2. **Data Diversity:** Training data is generated using two different base models (Mistral and Deepseek), potentially to increase robustness or study model-specific effects.
3. **Comprehensive Evaluation:** The evaluation strategy is multi-faceted, including direct accuracy (Best-of-N), downstream utility (RLHF), and robustness tests (OOD and scale analysis).
4. **Reproducibility Focus:** The notes explicitly state the use of multiple random seeds and the reporting of mean ± standard deviation, emphasizing statistical rigor.
5. **Baseline Comparison:** The inclusion of ORM and different PRM labeling schemes (Hard vs.
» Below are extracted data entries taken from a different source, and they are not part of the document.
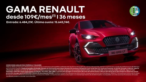 (1)Oferta válida en Península y Baleares para particulares y autónomos, para pedidos realizados del 1 de abril al 30 de abril de un Nuevo Renault Clio, siempre que financien a través de preference con RCI Banque SA, Sucursal en España. Precio al contado: 23.270,00€. Ejemplo de financiación para Nuevo Renault Clio evolution full hybrid E-Tech 116 kW (160 CV). Precio por financiar: 22.531,53€. Entrada: 6.484,21€. Importe a financiar: 16.613,16€. 36 cuotas de 109€ al mes y una última cuota de 15.643,74€. Comisión de Apertura (al contado): 323,96€ (1,95%). Intereses: 2.954,58€. Coste total del crédito: 3.278,54€. Importe Total Adeudado: 19.891,70€. Precio total a plazos: 26.375,91€. TIN: 5,95%. TAE: 6,88%. La protección de pagos no forma parte del coste de la financiación a efectos del cálculo de la TAE. El importe a financiar incluye protección de pagos opcional (565,84€). Sistema de amortización francés. La oferta incluye IVA, impuesto de matriculación, transporte, promociones ofrecidas por RENAULT. Permanencia mínima de 36 meses. El importe mínimo a financiar será el de mayor cuantía entre 7.000€ o el importe de la última cuota. Sujeto a un kilometraje máximo de 20.000 kms/año. Incompatible con otras acciones financieras. El modelo visualizado puede no coincidir con el ofertado.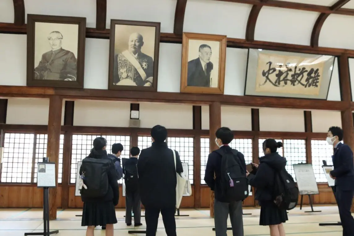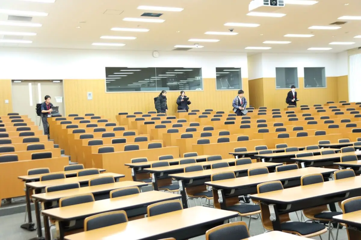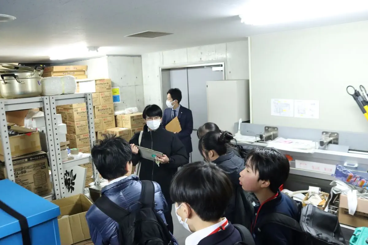 続いて、フィットネスセンター、国士舘大講堂、34号館スカイラウンジ・B301教室・防災倉庫などを、説明を交えながら案内しました。中学生らは、事後学習で施設PR動画の作成やプレゼンテーションを行う準備として、各施設を興味深く見学しながら写真や動画に記録しました。特に大講堂では、戦火を逃れた経緯について熱心に話を聞き、質問する様子がみられました。また、B301教室の規模の大きさや防災倉庫の豊富な格納品を見て、大学の教育環境や防火対策についての理解を深めました。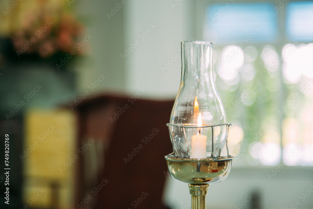 Oil Lamp lighting up and on the church, wedding place, arena or location.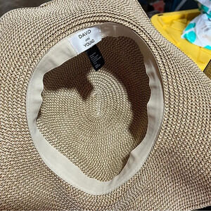 DAVID & YOUNG ~ Tan Paper ‘Beach Bum’ Beach Hat Gold Font. In good preowned condition.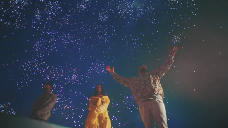 - 鮮やかなビジュアル: カラフルで大胆なファッションに身を包んだRihanna、男らしいジャケット姿のKhaled、そしてトレードマークの帽子を被ったTiller。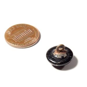 (1) 14mm Collectible Rare Antique Victorian Austrian Hungarian empire fancy blue satin floral aventurine gold black glass button with rosette shank. Highly elaborate handmade lampworked glass button. One of the rarest buttons you will ever find and of museum quality.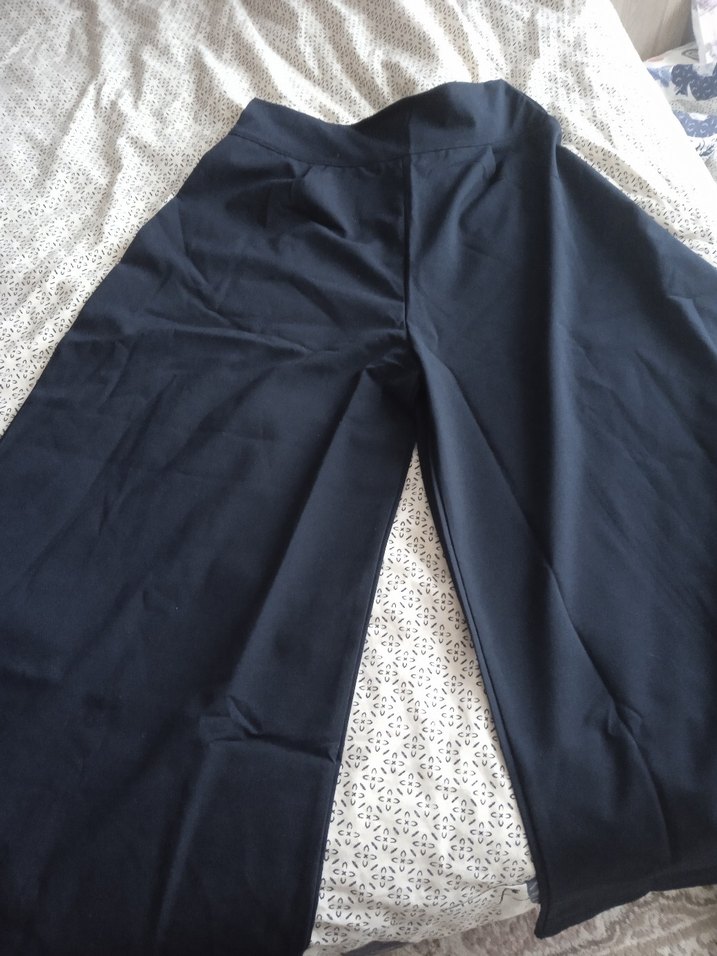 Siyah, uzun paça, regular fit kadın kumaş pantolon, dantel detaylı, minimal ve normcore tarzda, günlük kullanıma uygun. rengi siyah gibi ama laciverttir. boyu 105 bel en 42 basen en 40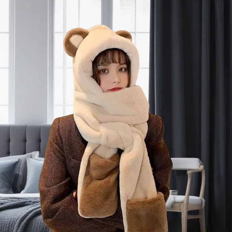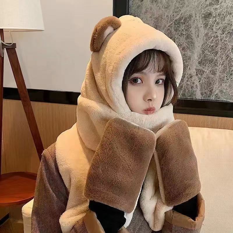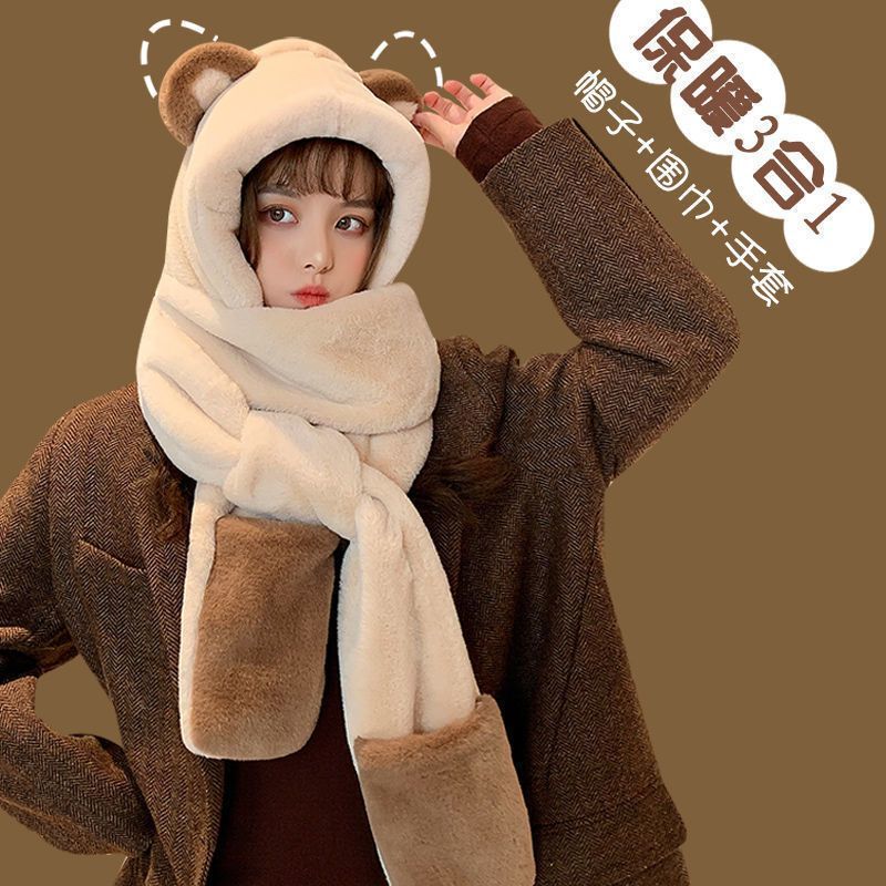 加厚小熊三件套帽子围巾一体女冬季可爱毛绒连帽护耳手套围脖保暖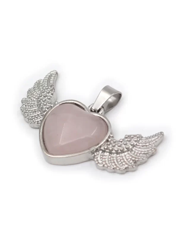DIJE CORAZÓN-ALAS DE ANGEL-CUARZO ROSA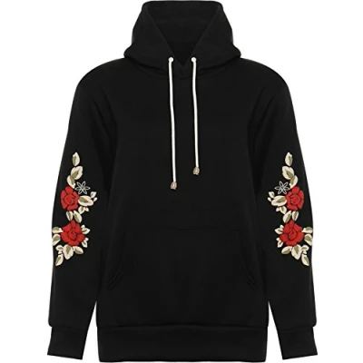 WearAll Women's Plus Floral Embroidered Pouch Pocket Long Sleeve Sweatshirt Ladies Hoodie Black 18 20

Soft) suggests the study aims to benchmark the proposed method against standard approaches.
### Interpretation
This diagram represents a sophisticated methodology for improving the step-by-step reasoning of large language models (LLMs) in mathematics. The core idea is to train a **Process Reward Model (PRM)** that can evaluate the quality of each reasoning step, not just the final answer.
* **How it works:** The pipeline first generates a large dataset of reasoning paths (Phase 1), labeling each step with a reward signal. This data is then used to train a separate model (Phase 2) to predict these rewards. Finally, this reward model is used to select the best reasoning path from multiple candidates (Best-of-N) or to fine-tune a policy model via RLHF (Phase 3).
* **Significance:** This approach addresses a key limitation of Outcome Reward Models (ORMs), which only judge the final answer. By providing feedback on intermediate steps, a PRM can guide the model towards more reliable and interpretable reasoning chains, potentially reducing errors and "hallucinated" logic.
* **Underlying Goal:** The entire framework is designed to systematically investigate the effectiveness of process-based supervision. The scale analysis (testing 1B, 3B, 8B models) and OOD testing indicate the researchers are interested in how this technique generalizes across model sizes and domains. The comparison between Hard-Label and Soft-Label PRMs seeks to understand the optimal way to assign credit to individual reasoning steps.